But as of Python 2.0, we get the same results from a list comprehension expression:

>>> res = [ord(x) for x in 'spam']    # Apply expr to seq.
>>> res
[115, 112, 97, 109]

List comprehensions collect the results of applying an arbitrary expression to a sequence of values, and return them in a new list. Syntactically, list comprehensions are enclosed in square brackets (to remind you that they construct a list). In their simple form, within the brackets, you code an expression that names a variable, followed by what looks like a for loop header that names the same variable. Python collects the expression’s results, for each iteration of the implied loop.

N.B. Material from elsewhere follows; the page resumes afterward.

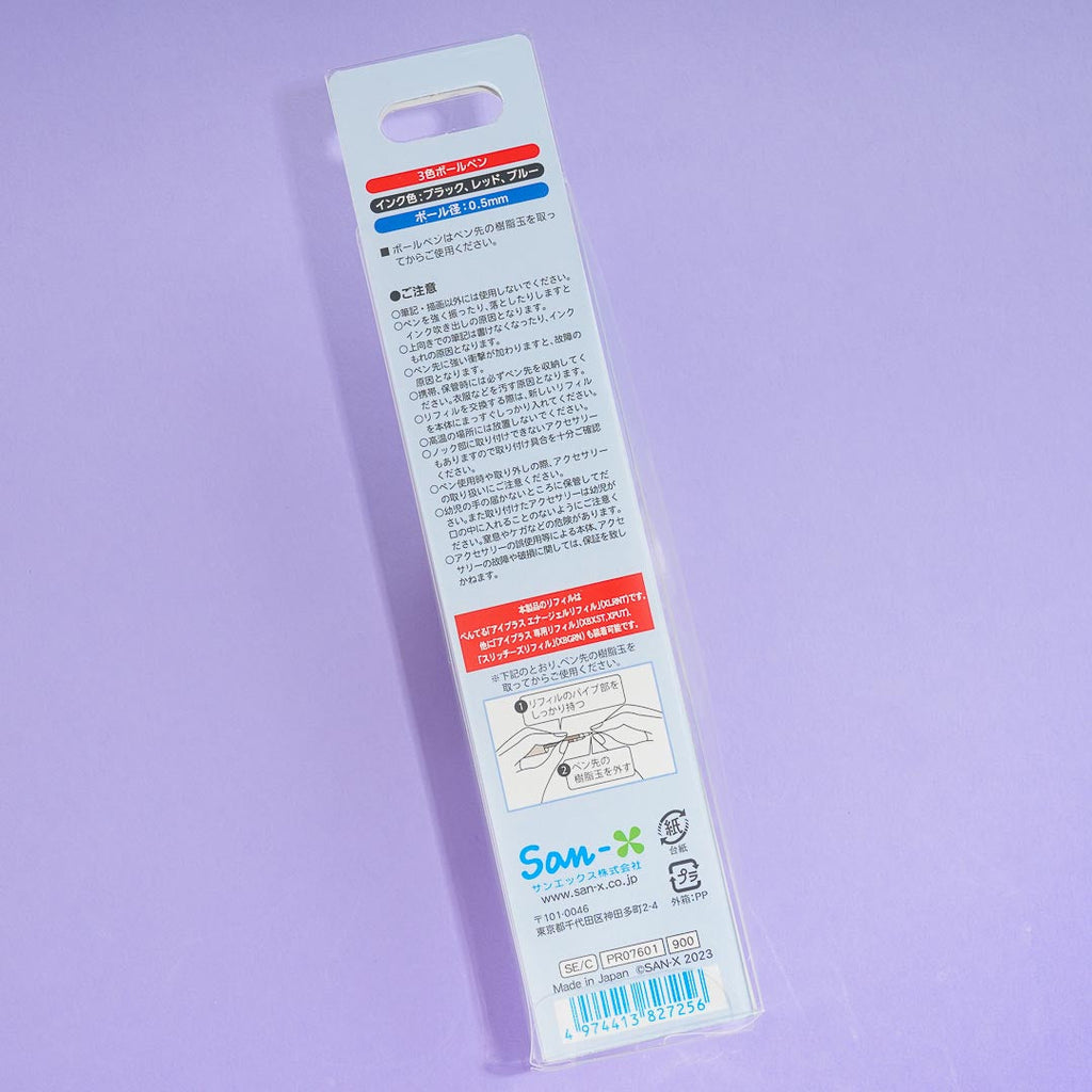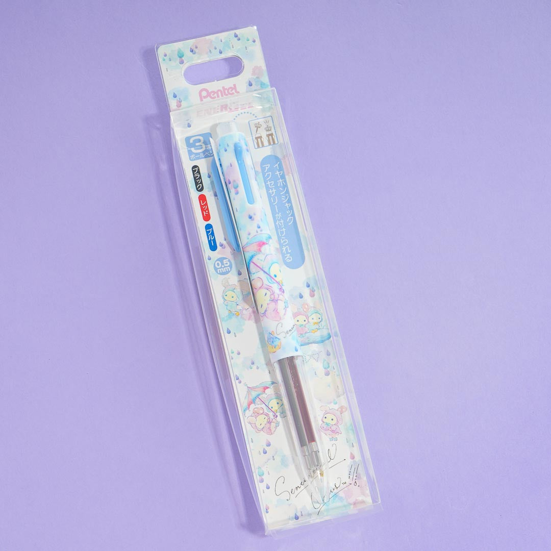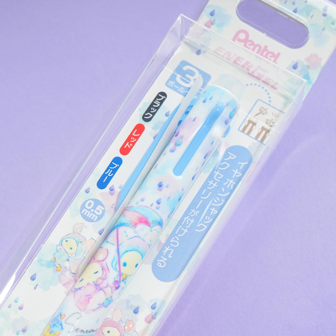 Have fun writing poems with this kawaiii ballpen illustrated with Sentimental Circus characters huddling underneath an umbrella. It comes from the "Sentimental Circus Rainbow Over the Sky of Tears" series! It has three different colors for you to use - black, red, and blue.

The effect of the example so far is similar to both the manual for loop, and the map call. List comprehensions become more handy, though, when we wish to apply an arbitrary expression to a sequence:

>>> [x ** 2 for x in range(10)]
[0, 1, 4, 9, 16, 25, 36, 49, 64, 81]

Here, we’ve collected the squares of the numbers 0 to 9. To do similar work with a map call, we would probably invent a little function to implement the square operation. Because we won’t need this function elsewhere, it would typically be coded inline, with a lambda:

>>> map((lambda x: x**2), range(10))
[0, 1, 4, 9, 16, 25, 36, 49, 64, 81]

This does the same job, and is only a few keystrokes longer than the equivalent list comprehension. For more advanced kinds of expressions, though, list comprehensions will often be less for you to type. The next section shows why.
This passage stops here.